Arafat sposa il fanatismo popolare. "Gli Scud stanno sgonfiando il pallone israeliano" dice. E, ad Amman: "Questi sono giorni gloriosi per la nostra nazione araba, perché siamo testimoni di un' epica e leggendaria determinazione del popolo iracheno sotto il comando del mio fratello Saddam". Non si frena il capo dell' Olp: "La guerra durerà trenta mesi". "Davanti alle stesse armi, nel 1982, a Beirut, io ho tenuto duro tre mesi su nove chilometri quadrati". Più tardi, Arafat arriverà a immaginare un giorno futuro in cui lui e Saddam andranno a pregare insieme alla moschea di Gerusalemme e a sostenere che l'uso del napalm da parte degli americani "offre le ragioni e il diritto, all' esercito iracheno, di usare le armi chimiche".

L'effetto immediato dell'offensiva oratoria del leader dell' Olp è un forte inasprimento, da parte di Israele, del coprifuoco nei territori occupati.
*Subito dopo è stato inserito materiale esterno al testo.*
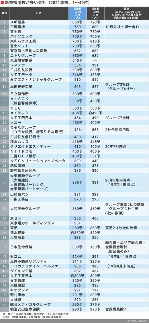 キャリア・教育 #就職四季報プラスワン 前の記事 次の記事 「コロナ禍でも新卒を多く採用する会社」TOP300 1位スギ薬局、2位三菱電機…採用増やす会社も 4分で読める 公開日時:2020/11/27 06:00 小村 圭 東洋経済データ事業局 フォロー 1/8 PAGES 2/8 PAGES 3/8 PAGES 次ページが続きます:【新卒採用が多い会社51~100位】 4/8 PAGES 5/8 PAGES 6/8 PAGES 7/8 PAGES 8/8 PAGES

Il primo ministro Yitzhak Shamir dice: "La posizione dell' Olp annulla le decisioni adottate due anni fa, ad Algeri, dal Consiglio nazionale palestinese sulla coesistenza di due Stati sul territorio dell' antico Mandato della Palestina". Il ministro degli Esteri David Levy è ancora più drastico: "Arafat si è escluso da solo da qualunque futuro tavolo di trattativa". E il neoministro Rehavam Zeevi, leader del gruppo di estrema destra Moledet (Patria), può affermare: "Due popoli non possono abitare nello stesso Paese. Altrimenti lo spargimento di sangue sarà continuo. Dobbiamo arrivare a una divisione". Persino la sinistra israeliana cambia parere su Arafat. "Per il futuro non ho dubbi che l'Olp debba essere considerata un interlocutore" è il parere di Dedi Zucker, leader del Movimento dei diritti dei cittadini. "Ma il problema è chi andrà a dirigerla. Io mi aspetto che la gente dei territori occupati avrà un peso ben maggiore rispetto alla direzione tradizionale dell'Olp".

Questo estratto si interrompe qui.